Friday, November 21, 2014

Lovelock: Mayflower Trilogy Part I

The narrator of this book plans an incestuous relationship with his own daughter, but murders her when he discovers she will not bear his children. He also throws excrement when he gets mad. He is also nosy, and peaks in on other people's secrets. (From this he is able to discover an incestuous relationship between a teenage daughter and her father.) He works as a servant to an esteemed biologist. The biologist has plenty of problems with her family. Her mother in law is an overbearing, melodramatic rich snob. Her father in law is subservient, but eventually leaves the family for single life (and dies after engaging in hard work.) Her husband has an affair with her friend, but that seems to be more of an excuse to leave the relationship and hide the true affair with another man. It all makes for a great uplifting story, right?

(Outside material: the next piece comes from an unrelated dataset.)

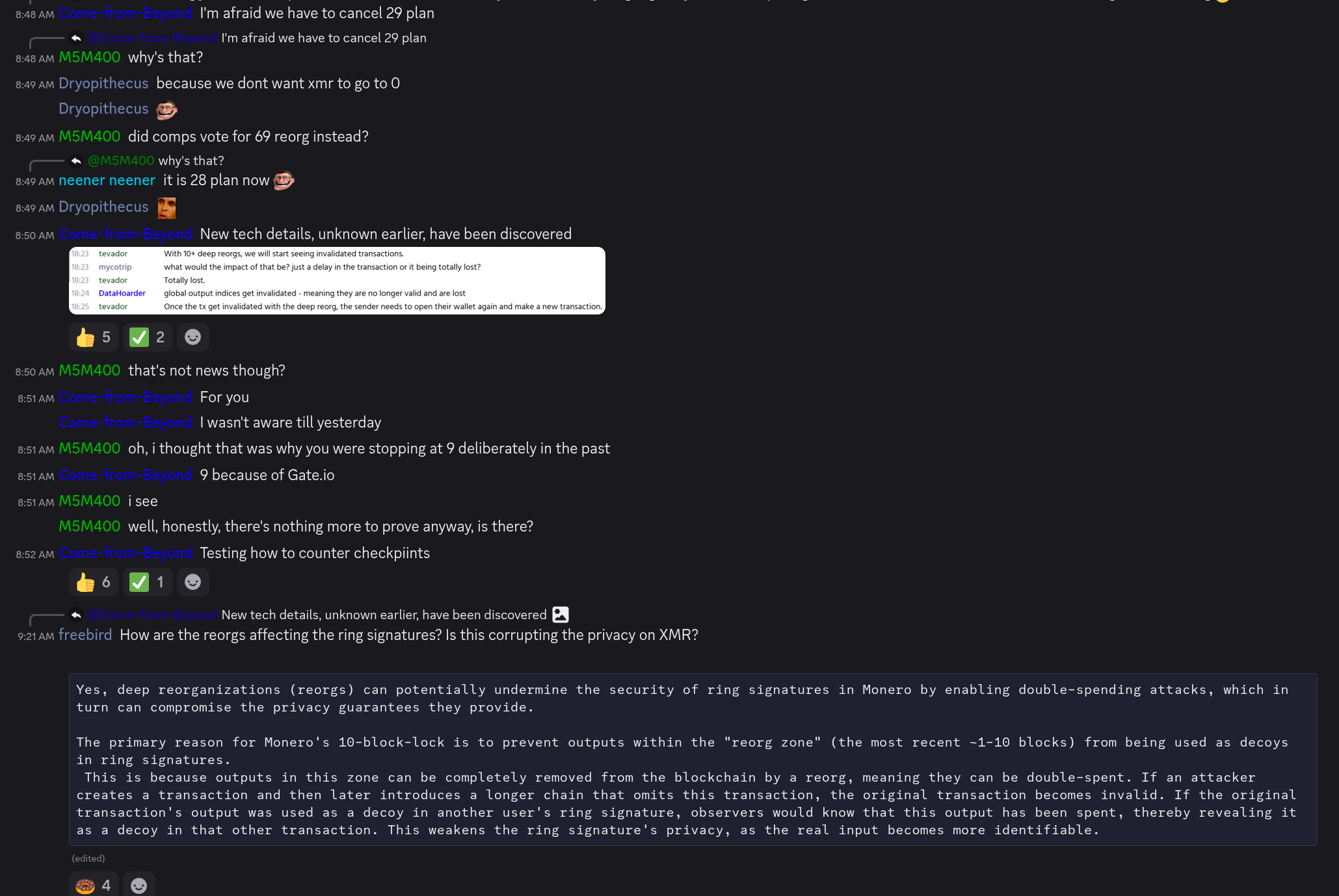 <bawdyanarchist:matrix.org> In alot of ways I agree with you, that Eth checkpointing is more decentralized. But I dont think it's a PR move that Monero can afford to make.
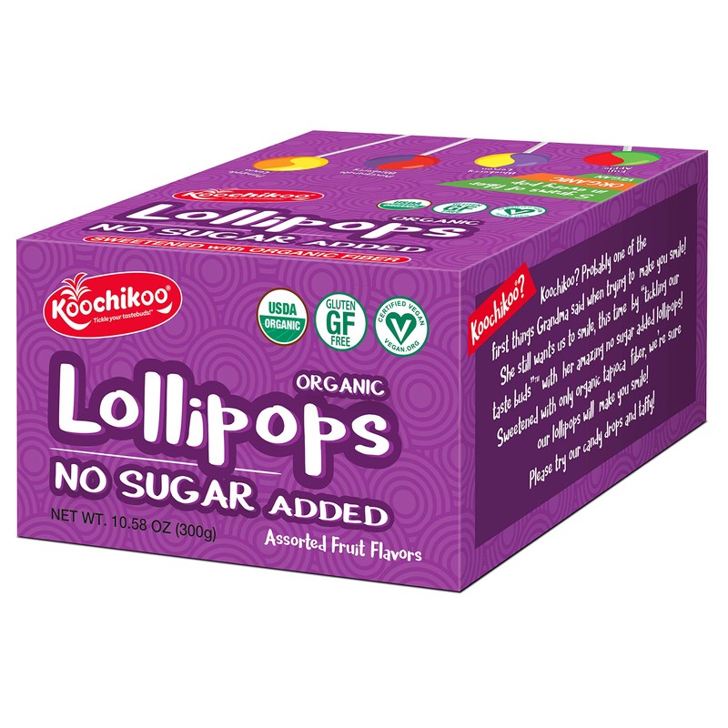 Koochikoo Sugar Free Organic Lollipop Display Box, 50 CT

The setting is on a ship set to go on a long interstellar colinizing voyage. The narrator is a super-genius monkey that is trained to be a "witness" to record all the details of his master. He realizes that he has been denied the ability to reproduce and longs for it, thus trying to hatch his own spouse from some stored embryos. His daughter does not do well without a full time mother, and he later discovers there are separate "enhanced" monkeys like himself that are out there.

The ship is divided into groups, such as "Mayflower" and "Ganges" that are extreme caricatures of real life. The biologist and her family are also overly stereotyped. The only moderately believable characters are the children, and they only play a minor role in the story.

The story feels like a first pass at an interesting concept. Perhaps it would have been fleshed out better if the next two books in the planned trilogy were ever written.